Налеты начались на второй день посте этого разговора. Рано утром, не видимые простым глазом, прошмыгнули в вышине разведчики. Два были сбиты, но несколько, видимо, сделали свое дело. В полдень из-за каньона, покрывая шум работы механизмов, накатился мощный, ровный, нарастающий рев множества моторов.
— Воздух! — раздалась команда, и тут же завыла сирена.
Саперы не суетясь покидали свои места и уходили в укрытия. Бояться до сих пор приходилось не столько бомб, сколько осколков своих же снарядов. Петер загнал операторов в блиндаж к саперам, а сам пока остался.

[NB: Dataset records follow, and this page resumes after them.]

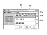 図6は、本発明の実施形態における表示画面スキャンモードの読み取り条件の設定選択画面を示す図である。制御部50は、図6に示すように、表示部32aに、初期値に設定された表示画面スキャンモードの読み取り条件を個別に変更するためのボタン101a〜101cを表示させる。本実施形態では、ボタン101aが「原稿サイズの選択」であり、ボタン101bが「カラーの設定」であり、ボタン101cが「解像度の設定」のボタンとなっている。「原稿サイズの選択」では、端末装置Sの表示画面に応じた読取範囲を設定することができる。「カラーの設定」では、読取画像のデータをフルカラー、グレースケール、モノクロに設定することができる。「解像度の設定」では、初期設定された解像度600dpiを任意の値に設定することができる。ユーザーは、必要に応じてボタン101a〜101cを操作し、読み取り条件を選択または変更する(ステップS8)。なお、本実施形態では、上述したように、表示画面スキャンモードでは露光ランプ22aが消灯された状態で読み取られる。そのため、図6における前記設定選択画面では、表示画面スキャンモード時の露光の設定はできず、露光の設定は初期設定のままとなる。つまり、露光の設定は、「消灯」に設定された状態から変更することはできない。
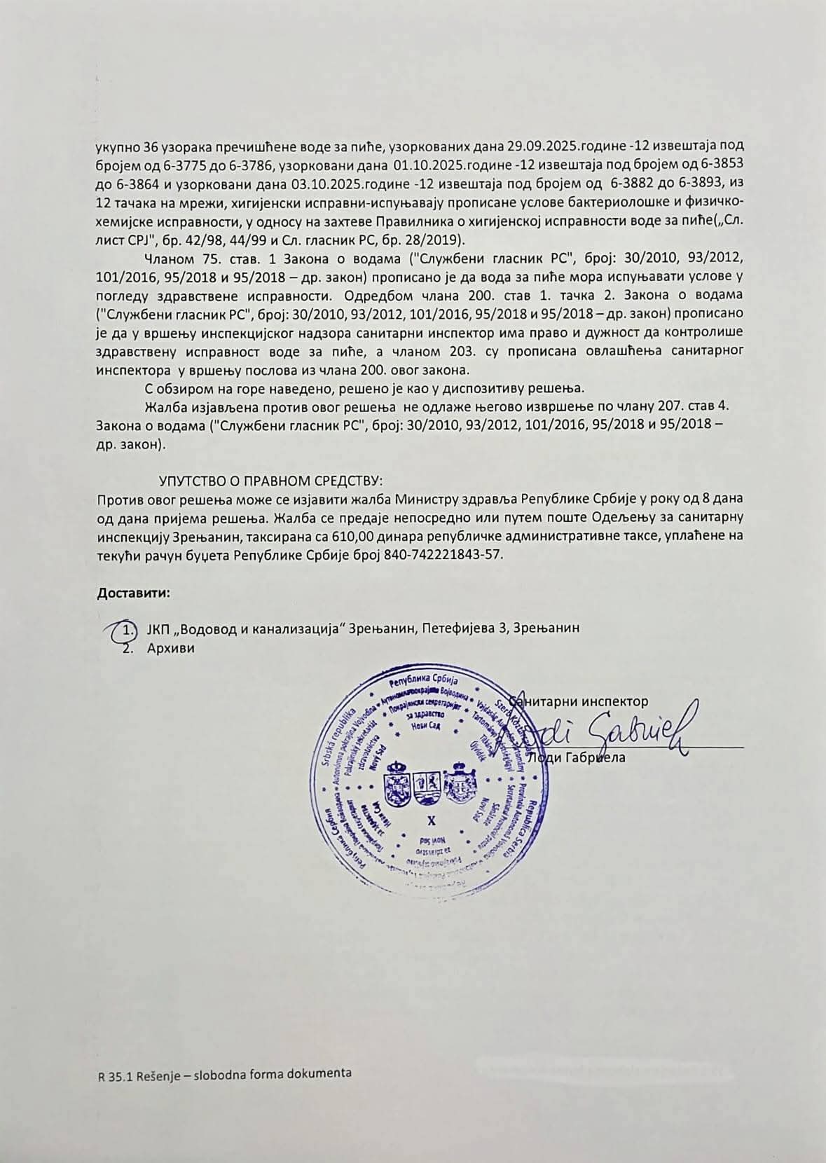 Ovo se neko igra sa zdravljem građana Zrenjanina i krši zakone, jer se tačno zna koliko meseci praćenja parametara je potrebno da bi se skinula zabrana…Ja je sigurno neću piti!!!
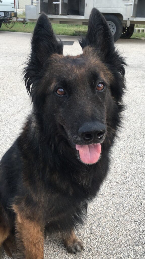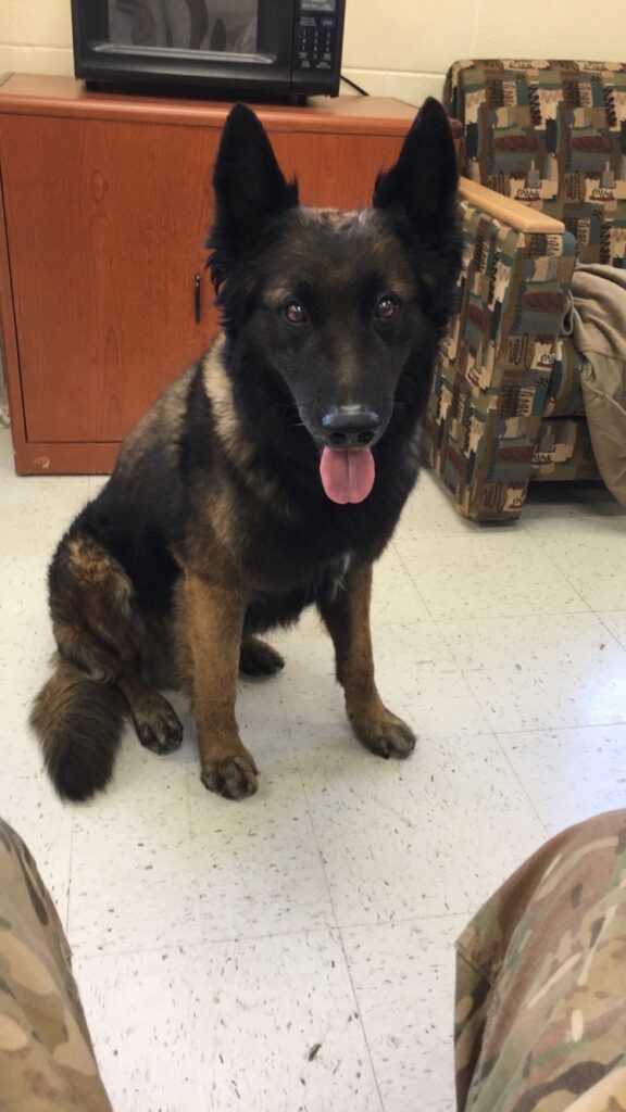RMWD Diesel is a 12 year old Belgian Tervuren who served as a Patrol Explosive Detector Dog. He served a total of 9 years in the United States Army at Fort Hood, Texas and deployed a total of 4 times with 4 different handlers, twice to Afghanistan, once to Qatar and once to Egypt. He completed numerous United States Secret Service missions in various locations such as New York, Chicago, Dallas, Houston to name a few. Diesel loves playing with his chuck-it ball and getting pets from just about anyone. He spends most of his retirement sun bathing with his sister in the yard, or begging for attention from his mom’s.

Он выбрал себе место на краю обрыва, под скалой: отсюда хорошо был виден и мост, висящий над пропастью, и самолеты, которые шли так высоко и так густо, что отдельные машины не улавливались взглядом, просто накатывалась туча, серая и тяжелая, только вот слишком уж быстро… Почти как свою уязвимость, Петер ощутил вдруг уязвимость моста, — мост замер, ожидая, что будет, замер, накрепко притянутый к скале тросами, замер, как человек в ожидании выстрела, — Петер удивился этому, но удивился мельком, потому что туча начала распадаться, эскадрильи расходились в стороны, а часть, та, что шла в центре, заскользила, снижаясь, разгоняясь для удара — предстоял знаменитый «звездный налет», когда самолеты нападают одновременно со всех сторон и с разных высот, — Петер сумел снять это развертывание для удара, снять панорамой, кадр получался отменный, и мельком ему подумалось, что этот отменный кадр может сегодня и не уцелеть… И тут грохнули зенитки.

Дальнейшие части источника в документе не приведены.